■ **Problem requirements**
From the entries below, return exactly the lines beginning at the one that contains "Charlotte Kozinets, empleada" and ending at the one that contains "Moissanite and Pearl", both of them included, and only those lines.

*** Material shown ***

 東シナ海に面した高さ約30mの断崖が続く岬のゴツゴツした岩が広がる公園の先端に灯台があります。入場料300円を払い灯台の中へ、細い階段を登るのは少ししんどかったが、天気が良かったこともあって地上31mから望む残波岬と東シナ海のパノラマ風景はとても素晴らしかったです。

*** End of Material shown ***
*** Material shown ***

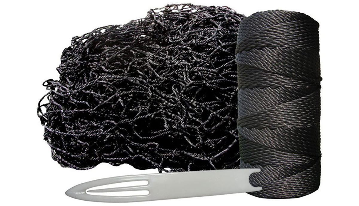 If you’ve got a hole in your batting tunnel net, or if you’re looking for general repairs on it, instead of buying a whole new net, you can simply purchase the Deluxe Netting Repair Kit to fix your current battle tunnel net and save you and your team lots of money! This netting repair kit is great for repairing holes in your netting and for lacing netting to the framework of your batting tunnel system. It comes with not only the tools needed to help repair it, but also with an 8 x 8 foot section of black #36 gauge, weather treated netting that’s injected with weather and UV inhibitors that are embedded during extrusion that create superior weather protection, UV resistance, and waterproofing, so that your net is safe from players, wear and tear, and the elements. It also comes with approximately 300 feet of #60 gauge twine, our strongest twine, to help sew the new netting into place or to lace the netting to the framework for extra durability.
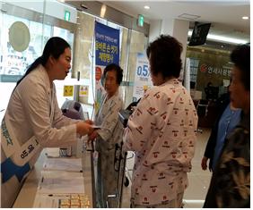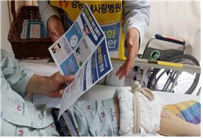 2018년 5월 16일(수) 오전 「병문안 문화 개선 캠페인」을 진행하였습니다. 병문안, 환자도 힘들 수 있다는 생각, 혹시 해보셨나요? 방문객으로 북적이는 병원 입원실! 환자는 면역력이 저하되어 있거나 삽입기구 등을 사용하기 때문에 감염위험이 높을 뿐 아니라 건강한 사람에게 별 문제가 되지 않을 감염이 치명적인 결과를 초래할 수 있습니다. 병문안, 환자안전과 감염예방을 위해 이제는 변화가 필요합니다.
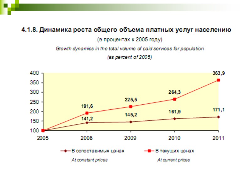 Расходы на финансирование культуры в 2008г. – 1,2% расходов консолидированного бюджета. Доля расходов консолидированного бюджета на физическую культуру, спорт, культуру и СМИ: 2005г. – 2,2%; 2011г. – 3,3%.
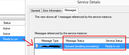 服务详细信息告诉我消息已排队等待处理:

*** End of Material shown ***
*** Material shown ***

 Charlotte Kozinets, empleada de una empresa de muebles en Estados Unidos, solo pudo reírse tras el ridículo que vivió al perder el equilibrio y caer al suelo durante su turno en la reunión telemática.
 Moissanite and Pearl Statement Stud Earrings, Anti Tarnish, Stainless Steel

*** End of Material shown ***

■ **Response to this task**
 Charlotte Kozinets, empleada de una empresa de muebles en Estados Unidos, solo pudo reírse tras el ridículo que vivió al perder el equilibrio y caer al suelo durante su turno en la reunión telemática.
 Moissanite and Pearl Statement Stud Earrings, Anti Tarnish, Stainless Steel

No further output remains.